We had a wind storm. We have a dumpster with a lid. On that lid we put a heavy brick to keep the lid closed during wind storms. It's worked great for years. But we had a very strong wind storm and it launched that brick quite a distance. I'm trying to figure out the wind speed that would cause that.

Brick is 4.14#s
Distance traveled 55 feet.

The lid is pivoted on one side so the wind has to lift first, then once it catches the wind, it'll flip that lid nearly instantly and off the brick goes. So the launch height above the ground would probably be about 5'. (The height of the dumpster is about 3' and the lids are 3' so if the brick is w/in a foot of the edge of the lid that would put a launch height about 5'.)

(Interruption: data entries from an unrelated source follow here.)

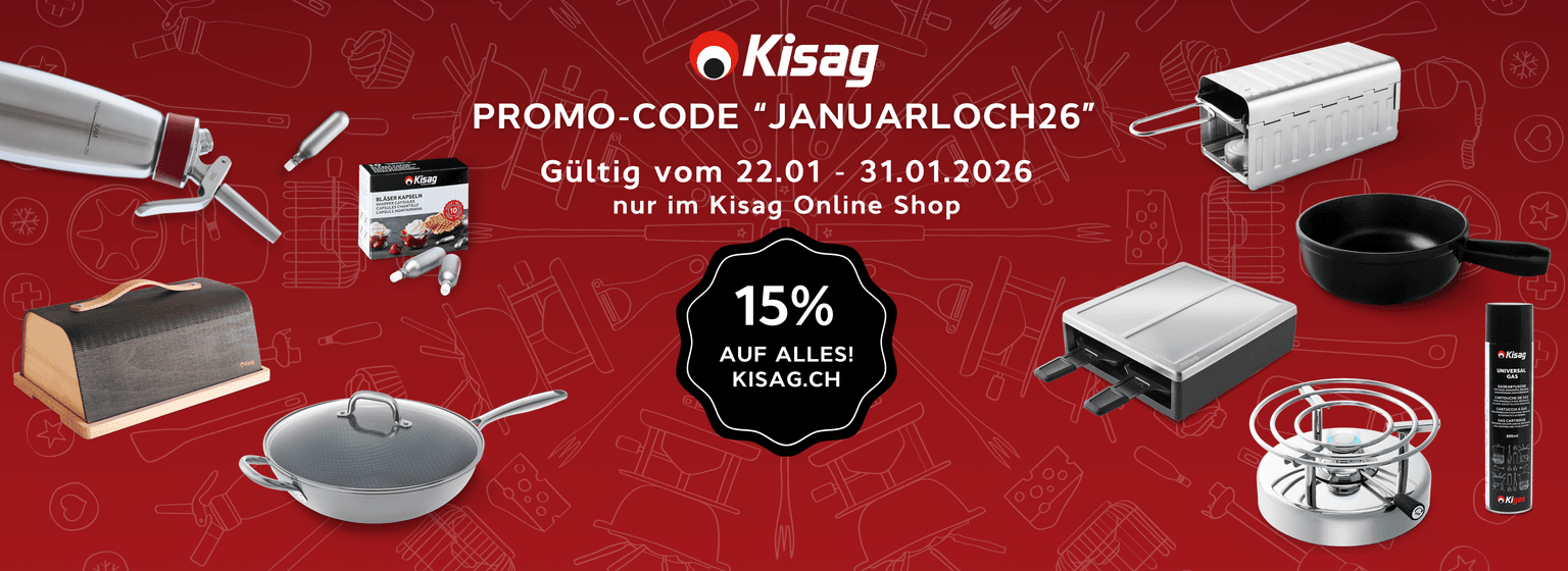 Kochen ist mehr als eine Fähigkeit - es ist eine Kunst. Im Webshop, Fabrikladen in Bellach sowie im Detail- und Fachhandel finden Sie mehr als 200 Kisag-Produkte, die Freude am Rüsten, Kochen, Backen und Geniessen machen: Von Whippern, Fondue- und Raclette-Sets, Sicherheitsgasbrennern, Rechauds, Caquelons, Küchenwerkzeugen aus Silikon, Holz und Edelstahl bis hin zu Profigeräten. Mit Kisag macht Kochen einfach mehr Spass, ob gemeinsam mit Freunden am Tisch, beim Camping, Outdoor oder in der Gastronomie.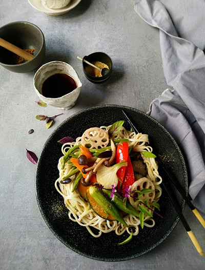 今回は細めのうどんですが、たまに海外暮らしならではの裏技“なんちゃって中華麺”パスタを茹でる時に重曹を多めに入れると、それ風になるので、それで野菜たっぷりの冷やし中華を作っています。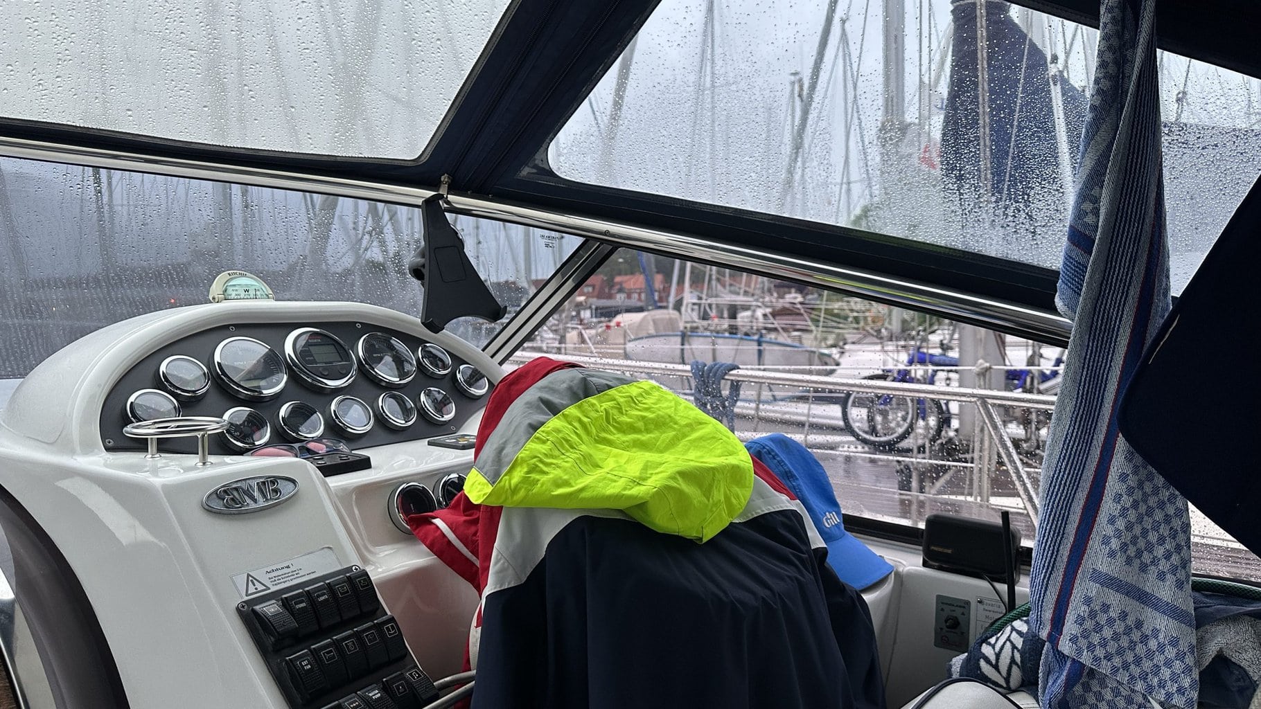 Es wird immer ungemütlicher draußen, ein dickes Regenband zieht über die Ostsee und die Skipper verkrümeln sich unter Deck. Wir schalten mal wieder den Heizlüfter an und genießen den Rundumblick aus unserer Plicht.

The angle of launch? I would guess 30 to 40 degrees, but that's just a guess but don't have any clue as to the actual trajectory. Just imagine a big flat plate, secured at one end with a pivot and it opens up. The brick is usually about a foot from the end. So as the wind picks up the leading edge it'll go nearly vertical nearly instantly once the wind gets under it.

The lid is 3' x 3'. So about 9 square feet.

Can anyone help me figure this out?

Thanks

Mentor
There are four main steps to solve this.

#1: How much wind to catch the lid and flip it up. A similar problem is the loading on a roof overhang during a hurricane. The loading is the area of the overhang times the wind velocity pressure times 2.0. The uplift coefficient of an overhang is 2.0. You can calculate the force to lift the lid from the weight and dimensions of the lid plus the weight and location of the brick, or you can measure it directly with a spring scale. The result will be the minimum wind to lift the lid. The actual wind was likely greater than that.

#2: The lid is up, and the wind force is accelerating it. This is an F = ma problem where the wind force is a function of lid position, and the wind velocity is unknown. Search lift and drag on a flat plate to learn about wind forces as a function of lid position. This problem can be solved by a numerical simulation with different wind velocities. The goal is to calculate lid velocity vs time and lid velocity vs lid position for different wind speeds.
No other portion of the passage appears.